夕方頃から振り始めた雨は、次第に強さを増して雷雨へと変わってきた。
時折土の匂いを部屋に運んでは消え、また少しひんやりとした北風が部屋の中を通り抜ける。
タバコの匂いを書き消すほど強い土の香りは高校時代、部活の帰り道を思い出させてくれる。
 記憶として新しいのは何時もの下校メンバーと一緒に坂道を自転車で走っている時に振り出した夕立、季節柄Yシャツのみの僕達は雨に濡れると透けて肌が少しだけ浮かび上がる。当時はまったく気にしなかった事でも今となっては到底出来る事じゃない。
 同じくして古い記憶、僕と帰り道が同じの女子が二人、一列に並んで走っていた。既に三人とも程よく濡れていてシャツが透けて見えた。

「ん……」

 ふと激しく振りだした雨で俯いていた顔を上げるとそこにはブラウスから透けて白い下着のようなものが見えた。

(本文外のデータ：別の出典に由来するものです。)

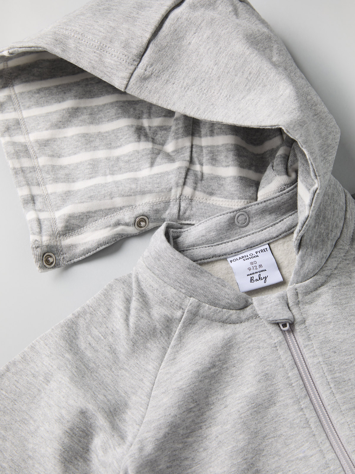 The all-in-one has a pouch pocket and an integral hood with soft cotton jersey lining in our classic stripes.
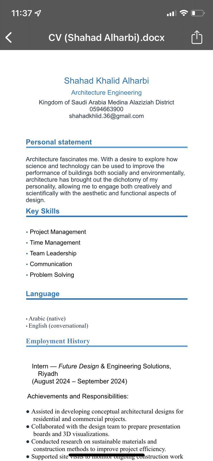 I am an architecture engineering student at Prince Muqrin bin Abdulaziz University in Madinah, and I am almost done. I am looking any chance in the field of architecture to continue learning, gain experience, and enhance my talents. I am proficient in design and planning using architectural design software

当時片思いだった人の下着が確かに見えた。

「やば……」

 咄嗟に速度を上げてその子の前に出る、追い抜かれた子は何で抜かれたのかと不思議に

「皐月~、空力抵抗とかそんなの無いんだから。ましてや前に出たところで私に掛かる雨も変わらないよ~」

 そんな事を言って居た。

「いや、前に出たのは……」

 そこで言葉に詰まった、素直に言えるわけが無いその後に続く台詞。ましてや同じ学校の同じ部活の片思いの女性に対して……いえるはずが無い。下着が透けて見えるぞなんて。

「何ー? よく聞こえない」
「何でも無い、雨も強くなってきたし早い所帰ろうか」
「ふふふ、皐月! 良いもの見たね!」

 ようやく気が付いたのか、一番後ろを走っていた女子がニヤニヤと笑いながらそんな野次を飛ばしてきたのを覚えてる。少しこわばった顔で後ろを振りかえり「それ以上言うな!」と胸の中で叫んだ。




「おや?」

 そんな事を思い出しているとき携帯電話が鳴った、ディスプレイを見ると懐かしい人の名前が出ていた。野次を飛ばしてきた当時の女の子だった。

「もしもし?」
「あ、皐月? 久し振り~、元気にしてた?」
「元気じゃなかったら電話に出ない、どうした?」

 ちょっと懐かしい声に戸惑いながら電話腰に笑った、右手でタバコを取り出して咥える。左手で電話を持っているので再度右手でライターを取り出して火をつける。